Analysis of the DH and RIL population indicated that major gene control clubroot resistance. Genetic analysis using the DH lines identified a genomic region, qCR_A8, on chromosome A08 of rutabaga cv. Brookfield is associated with resistance to P. brassicae pathotypes 2, 3, 5, 6, and 8 and a locus, qCR_A3, on chromosome A03 associated with resistance to pathotype 3. The QTL analysis indicated that rutabaga cv. Brookfield carries a high oil QTL, qOIL_C3, around 15 cM away from a major erucic acid QTL on chromosome C03 and a major QTL on chromosome A02 affecting both vernalization and flowering time. The qOIL_C3 could increase oil content in spring canola by about 0.7%. Further analysis exhibited no correlation of clubroot resistance of rutabaga cv. Brookfield, with poor agronomic and seed quality traits. The genetic analysis of the RIL population indicated introgression of a CR locus from chromosome A03 of the Chinese cabbage cv. Bilko into spring B. napus canola. The Bilko-CR locus co-segregated with the AS-markers in the homozygous RIL families. However, recombination between the CR loci, e.g., qCR_A8 and Bilko-CR, and their co-segregating markers indicated that the genetic markers developed in this research might not be located within the CR genes; the allelic variation exhibited by the markers may not be due to the variation in sequence motifs affecting the phenotypic variation. Analysis of the synthetic B. juncea lines using A- and B-genome specific SSR markers and their reaction to P. brassicae pathotype 3 indicated that clubroot resistant B. juncea line could be developed by exploiting the resistance available in B. rapa. However, a loss of resistance in around 5.8% of the resynthesized S2 B. juncea plants indicated that the genomic regions carrying the CR could be in a state of genomic change.

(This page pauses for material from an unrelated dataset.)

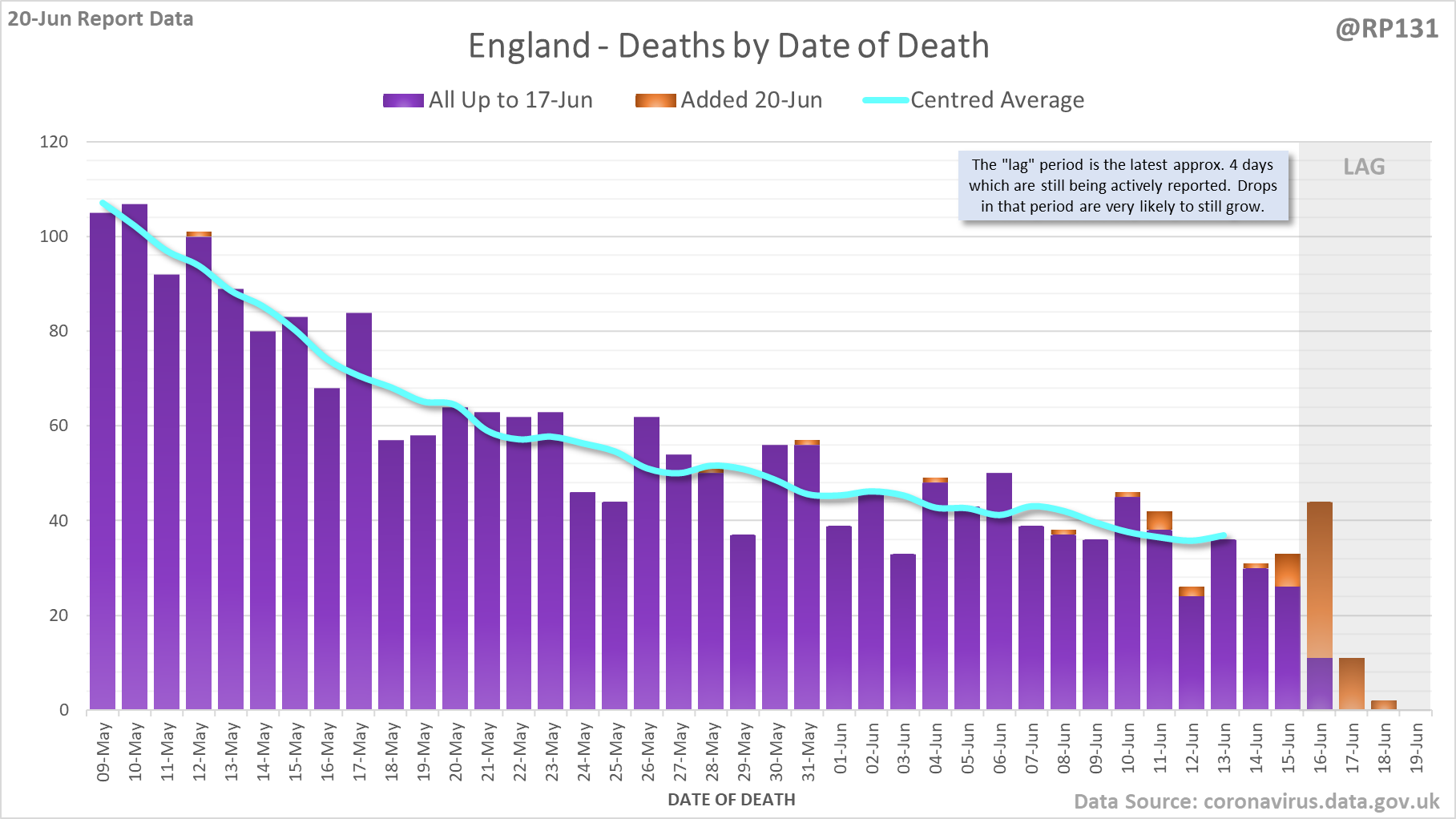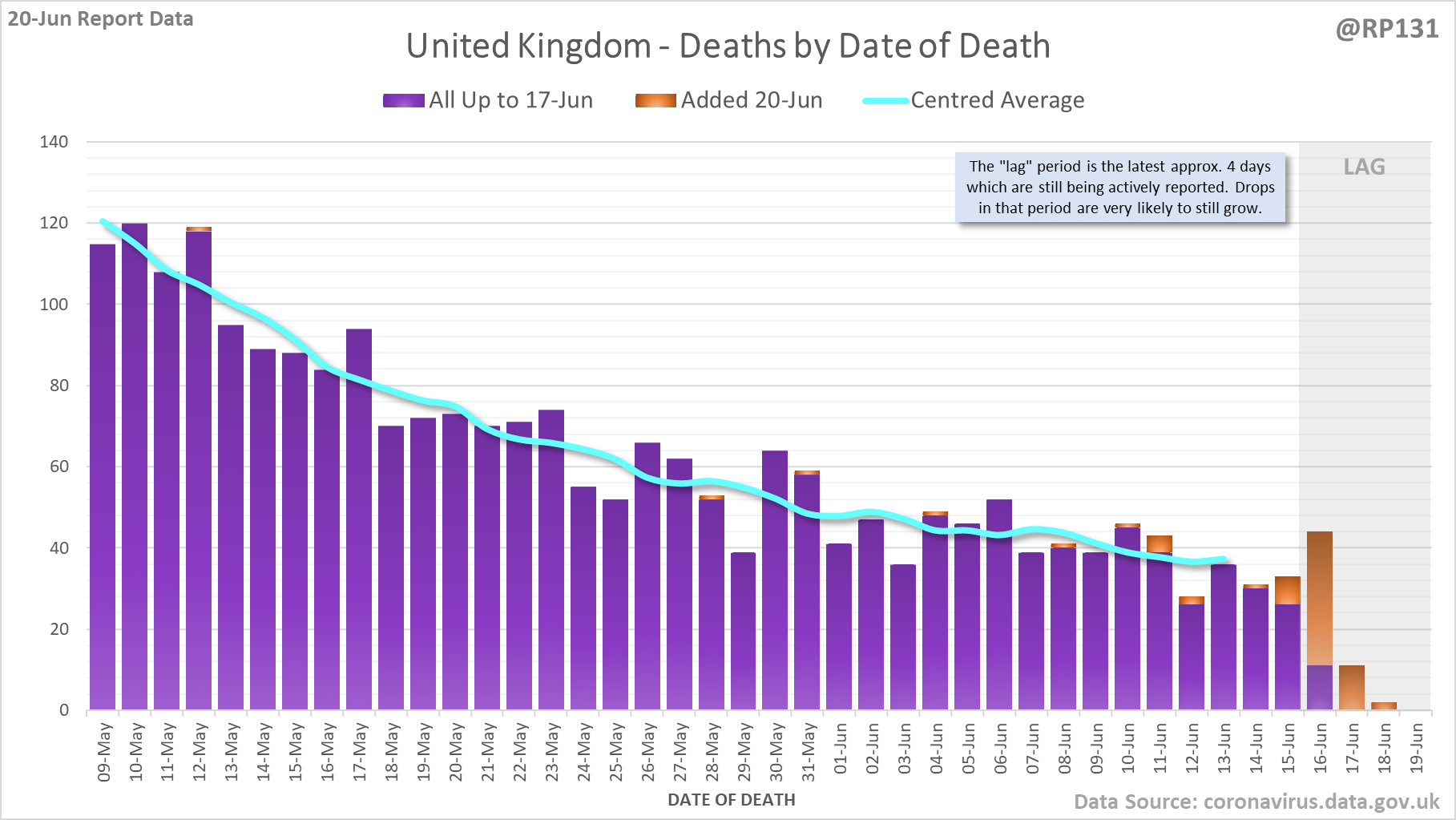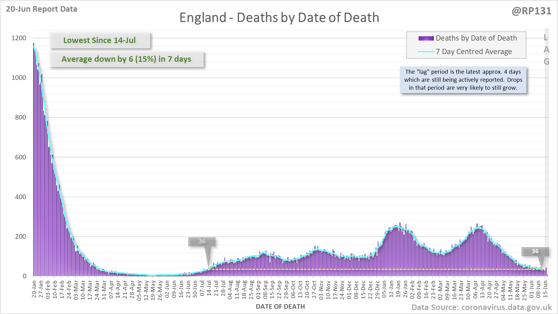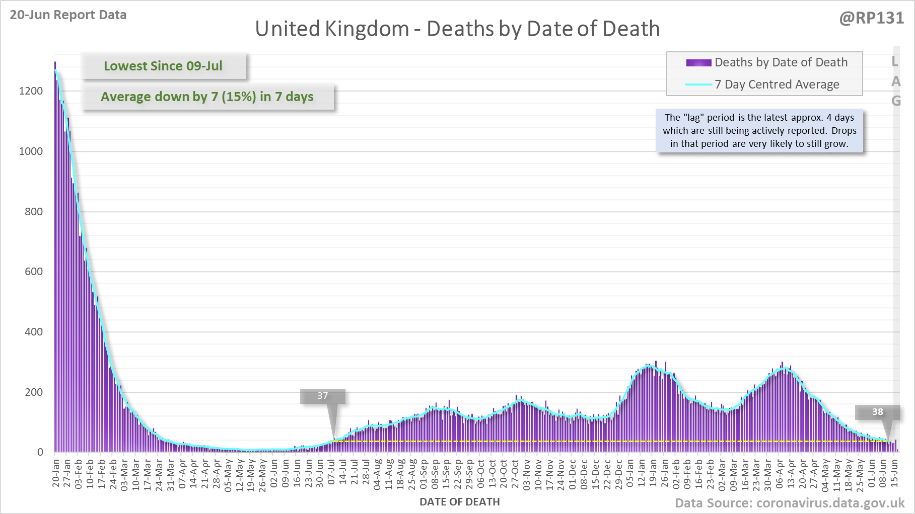 [1/8] 64 new #covid19uk deaths reported today (20-Jun). This brings the rolling average by date of death (allowing 4 days for lag) to 38, equivalent to around 09-Jul (i.e. 338 days ago), a reduction of 7 (15%) in the last week.

Thus, the results of this thesis research provided substantial evidence that (a) rutabaga and the Chinese cabbage gene pool can be used to broaden the genetic base for clubroot resistance in B. napus canola, (b) rutabaga carries favourable alleles for flowering and seed quality traits and (c) clubroot resistance of rutabaga cv. Brookfield does not carry linkage drag for poor agronomic and seed quality traits; thus, this resistance can safely be used in canola breeding. The results from this Ph.D. thesis research also provide evidence that (d) the clubroot resistant B. juncea line can be developed by exploiting the resistance available in B. rapa.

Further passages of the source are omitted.